Entry 12: The Weekend In Canberra

The weekend in Canberra. As we drove up, Ryan and I had a lot of fun chatting about life in general, abusing each other for not following directions and laughing a lot at stupid jokes that I’m sure anyone else would’ve found incredibly lame.

We hit Canberra on the Friday evening, and found our way to the cabin in the park that we had booked for the weekend. It was awesome, actually; two bedrooms, large living area, powerful air conditioning and all very luxurious. I had no idea it was that good when I booked it, but we were well pleased. The heat was intense and it was fantastic to have such a comfy place to arrive at after seven odd hours on the road.

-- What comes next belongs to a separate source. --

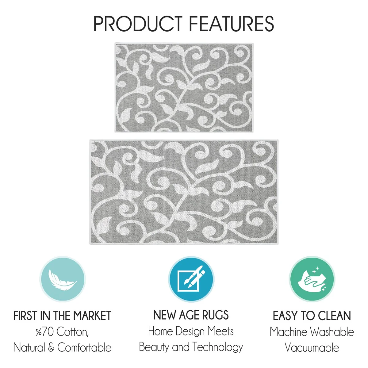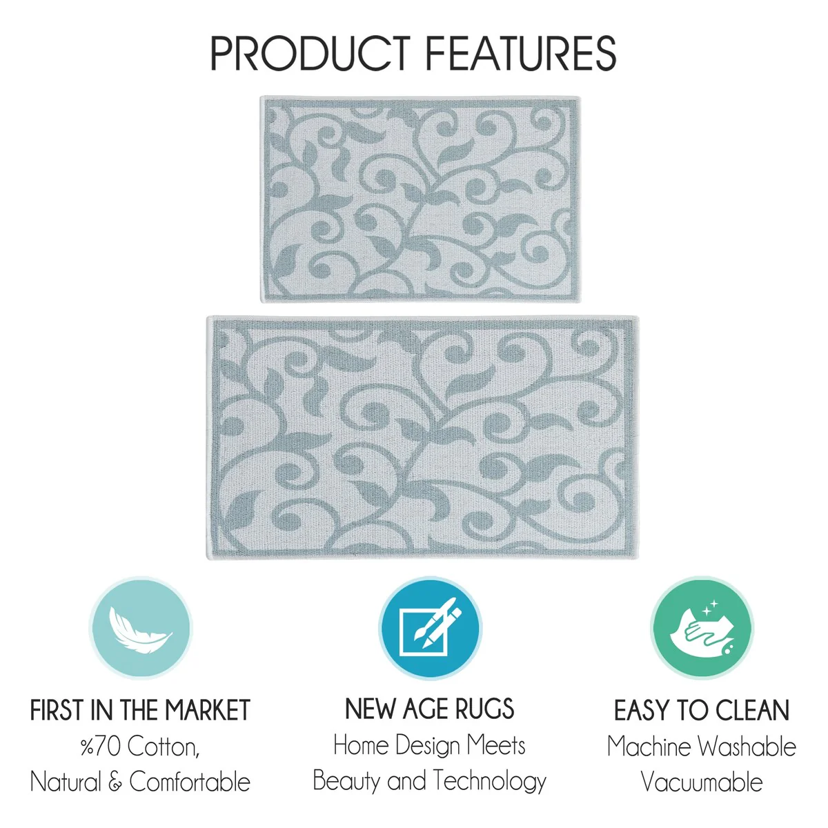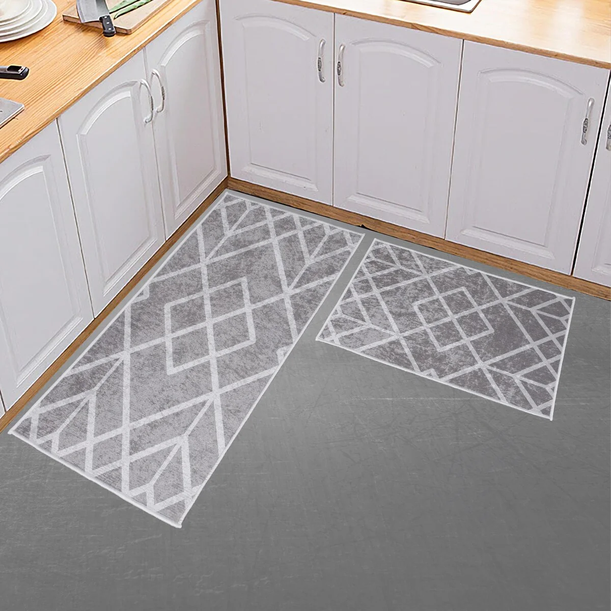 Add a touch of style and utility to your kitchen with this set of two Non-skid Washable Kitchen Runner Rugs. Made of 70-percent cotton and 30-percent polyester, these lightweight, soft, and durable mats are designed to offer lasting comfort and prevent slips. The non-skid backing ensures that the rugs stay firmly in place, while the low pile allows for easy positioning near doors. Plus, the washable design makes maintenance a breeze.

The following day, Chris Bland arrived from Sydney and we all got down to work. For him and Ryan, it was about going through the screenplay and breaking down set ups and shots. This was important ground work to start building their understanding of what the film will look like, and for me, to start to have an idea on what the schedule might look like. Very early days, of course, and ultimately the 1st AD would set the shoot schedule, but I wanted to get my hands dirty and have a really good understanding of what Ryan intends – and what’s possible – if I’m going to be in large part responsible for the film coming in on time and budget. While they did that, I intended to review the first draft of the MOU that Andy said he would send through the night before, to look for any risks or challenge points I would want to talk about with him before we signed. Unfortunately, though, the draft MOU had not arrived. To maximise the time, I instead reviewed all of the material that Andy had supplied to explain how pre-Accelerator and Accelerator worked, to see if I could find discussion points to prepare for.

We broke for lunch. As we ate, Blandy regaled us with tales of productions that he had worked on that were as close to trainwrecks – from a production side of things – that you would want to get to without actually going off the rails and ruining the film. Chris is a great guy. He comes across as very relaxed and calm, but he has an intense passion for the craft of lensing and filmmaking in general, and it’s apparent in his art. The stories were an eye opener for me – not because it all sounded so difficult – but because it all sounded so easy for the producers to avoid. A little bit of preparation, a little bit of commitment to professionalism and thought for cast and crew and you have a good chance to deal with the unexpected that always rears its ugly head during a shoot. I was again very thankful for the approach that Monica Penders and Andy Marriott were taking with this program.

That evening, Blandy headed back to Sydney after he and Ryan finished up their breakdown. The MOU had still not arrived. We were really confused by this, because the main reason for us coming all that way was to ‘put it to bed’ face to face, so we could all get on with the business of preparing for the film. By about eight, I called Andy on his mobile. He sounded a bit harassed, and said that he was working on the final touches of the draft as we were speaking. He apologised and said that he had so much to do lately that he had fallen behind. I instantly felt bad for calling him. I hadn’t wanted to pressure him or anything, just to find out where he was at, but of course the call was inherently loaded with pressure.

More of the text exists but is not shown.